1 minute read

VII Aansprakelijkheid en zorgplicht

De Hoge Raad is in zijn prejudiciële beslissing dus strenger dan de rechtbank: volgens de Hoge Raad had de Staat in ieder geval al vanaf 1 januari 2005 op de hoogte moeten zijn van de reële kans op ernstige of wijdverbreide schade door aardbevingen als gevolg van de gaswinning.

Het antwoord op de vraag óf de Staat aansprakelijk is, is volgens de Hoge Raad afhankelijk van de vraag of de Staat sinds 1 januari 2005 heeft nagelaten om op tijd de nodige maatregelen te nemen om schade door bevingen te voorkomen. De Hoge Raad beantwoordt deze vraag in rechtsoverweging 2.7.4: “Wat de eventuele aansprakelijkheid van de Nederlandse Staat betreft, is de Hoge Raad van oordeel dat de Staat in ieder geval vanaf 1 januari 2005 op de hoogte had moeten zijn van de reële kans op ernstige of wijdverbreide schade door aardbevingen als gevolg van de gaswinning. Voor het antwoord op de vraag óf de Staat aansprakelijk is, is daarmee vanaf die datum beslissend of de Staat heeft nagelaten tijdig de passende en redelijkerwijs te verlangen maatregelen te nemen om dergelijke schade te voorkomen. Die vraag moet de rechtbank beantwoorden. Tegen de achtergrond van de omstandigheden van het geval is geen andere conclusie mogelijk dan dat de Staat in ieder geval vanaf 1 januari 2005 bekend was of bekend had moeten zijn met i. de gevaren verbonden aan de gaswinning in Groningen, ii. de reële kans op verwezenlijking van deze gevaren en iii. de omstandigheid dat verwezenlijking van deze gevaren tot ernstige of wijdverbreide schade kon leiden.”

Tekstkader VII.6 Waarom hanteert de Hoge Raad de datum 1 januari 2005 als startpunt voor schending van de zorgplicht van de Staat?

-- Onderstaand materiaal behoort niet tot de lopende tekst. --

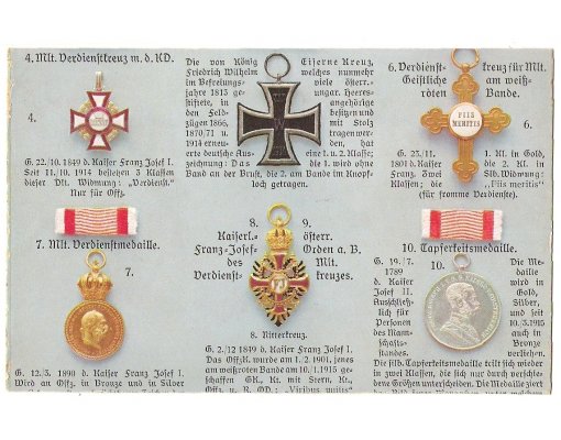 Řád Franz Josefa I., Řád pro vojenské kněze PIIS MERITIS, Železný kříž a další

De Hoge Raad neemt 1 januari 2005 als begindatum voor schending van de zorgplicht door de Staat. De Hoge Raad komt daartoe op basis van de volgende aspecten:

1. De Staat was er vanaf het rapport van de Begeleidingscommissie Onderzoek Aardbevingen (BOA) in 1993 mee bekend dat de gaswinning in Groningen aardbevingen kon veroorzaken.

2. Uit het feit dat het jaar 2003 een piek vertoonde in het aantal aardbevingen en de kracht daarvan en het feit dat in dat jaar voor het eerst schademeldingen werden gedaan en schadevergoeding werd uitgekeerd, blijkt dat de Staat vanaf 2003 ermee bekend was dat aan de gaswinning reële gevaren zijn verbonden, en dat die gevaren kunnen leiden tot ernstige of wijdverbreide schade.

3. Uit een rapport van het KNMI bleek in 2004 dat de situatie in de ondergrond van het Groningenveld, anders dan voorheen genomen, ‘niet stationair’ was. Hierdoor was de formule die tot die tijd was gebruikt om de maximaal te verwachten magnitude van een aardbeving te berekenen niet goed bruikbaar. Ook was er geen alternatieve formule voorhanden.